Das Universalistische einer Ruine

Die in Duisburg gescheiterte Museumserweiterung ist eigentlich der beste Startpunkt

Als die Architekten Herzog & de Meuron 1996/97 ihre “Kunstkiste” für die Sammlung Grothe vorstellten, wussten sie sicherlich noch nicht, dass aus dem rohen Betonquader einmal eine Stahlskulptur werden würde, deren offenbarer Charakter in der öffentlichen Diskussion mit “Schrotthaufen” (Materialwert) und “Ruine” (Scheitern) umrissen wurde. Der Betonquader damals, dessen Bewitterung eine Patina erzeugen sollte, die an alte Bunkeranlagen (Ruinen) aus dem Krieg 1939-45 erinnert hätte, wurde nicht realisiert. Vielleicht war er zu radikal, vielleicht fehlte auch ganz einfach der Platz, wo man ihn hätte hinstellen können. Die Kunstsammlung fand vorläufig ihren Platz in der ehemaligen Küppersmühle am Duisburger Innenhafen, einem schönen Backsteinbau aus der Anfangszeit des vergangenen Jahrhunderts. Die Sammlungsübernahme und -erweiterung in 2005 verlangte nach mehr Fläche. Die Architekten aus Basel, die schon die Mühle umgebaut hatten, holten den Quader wieder hervor und stellten ihn auf das Silobündel neben der Mühle. Der ursprünglich massive Baukörper war jetzt aufgelöst in semitransparente Wände, der erdenschwer lastende Beton nun in den Himmel gehoben. Die hierzu nötige Leichtigkeit erreichten die Architekten über die Reduzierung des Massiven in eine Stahlstruktur. Deren anspruchslose, dem Fachwerk entlehnte Statik, macht das Gebilde zu einem Zweckbau, wie es viele dort am Hafen gibt.

Nun liegt das Fachwerk dieses ephemer angelegten Raums noch immer dort, wo es geschweißt wurde, auf einem wilden Parkplatz neben der Kunstsammlung. Gefährlich unsachgemäß gefertigte Nähte verhinderten seine Fertigstellung. Vier Jahre haben das dem Wind und Wetter ungeschützt ausgesetzten Stahlfachwerk rosten lassen. Und läge der durchsichtige Körper nicht sorgfältig austariert am Boden, könnte man auf die Idee kommen, er sei aus der ihm zugedachten Höhe herabgestürzt und läge also ruiniert zwischen hochgestellter Autobahn und den bereits ertüchtigten Silos.
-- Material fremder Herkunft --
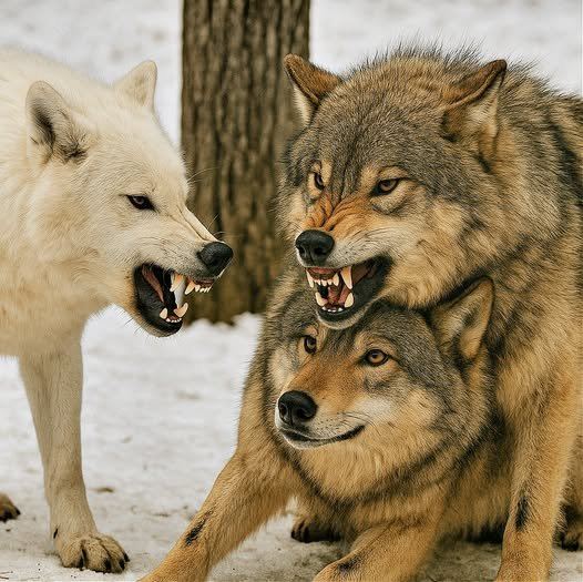 싸움이 벌어지면 암컷 늑대는 수컷 늑대 곁에서 침착하고 두려움 없이 곁을 지킵니다. 수컷 늑대를 전적으로 신뢰하며, 그의 힘이 서로를 지켜줄 것이라는 것을 알고 있습니다. 수컷 늑대에게는 규칙이 있습니다. 절대 암컷을 해치지 않는다는 것입니다. 그래서 암컷 늑대는 수컷 곁에 있으면 안전합니다. 하지만 수컷 늑대는 단순히 숨는 것이 아니라, 도움을 주고 있습니다.

Er wird demnächst zerschnitten werden, in handelbare Stahlmasse zerlegt. Dabei ist der Raum bereits fertig, sein ruinöser Anschein ist nur ein Anschein. Unser in Stoffkreisläufen an Degression gewöhntes Denken erlaubt offenbar nur das Bild eines im Verfall befindlichen Bauwerks. Dessen ruinöser Zustand verweist uns – glücklicherweise – auf seine sehr gute Recyclingfähigkeit. Die wir wiederum als einen politisch korrekten Aggregatzustand im gängigen Stoffkreislaufdenken empfinden. Dabei wäre das rostende Stahlskelett ein idealer Baustein, die Baugeschichte aus 1996 ins Heute fortzuschreiben. Gleichsam über verschiedene Larven- und Puppenstadien entwickelt, ist die mögliche Vollendung der Ruine nicht bloß die nachhaltigste Lösung, sie ist auch die konsequenteste.

Die an diesem Beispiel der Entwurfstransformation ablesbare Logik sieht wie folgt aus: Aus dem Versuch, Architektur als etwas Lebendiges und sich stets veränderndes Subjekt über die an statischen Problematiken orientierte Architekturgeschichte hinaus zu heben – denn über die Entwicklungen und Erfindungen sowie die Negation von statischen Systemen ließen sich Gotik, Renaissance oder auch der Dekonstruktivismus leicht beschreiben – ist, wenn auch unfreiwillig, ein zutiefst geschichtsverflochtenes Gebautes getreten. Die rostende Ruine ist, vom unrealisierten Entwurf der “Kunstkiste” über die architektonisch und denkmalpflegerisch korrekte Zwischenlösung Klinkerbau in einer wohl endgültigen Form aufgegangen. Ihr Charakter ist nun ungeplant und ungefähr und damit zugleich universell. In Duisburg müssen die Architekten, nicht die Stahlhändler jetzt die Geschichte weiterschreiben, mit der sie vor Jahren begonnen haben. Die Ruine über dem Lost Space Parkplatz könnte das Spannendste werden, was die Basler in den letzten Jahren realisiert haben. Be. K.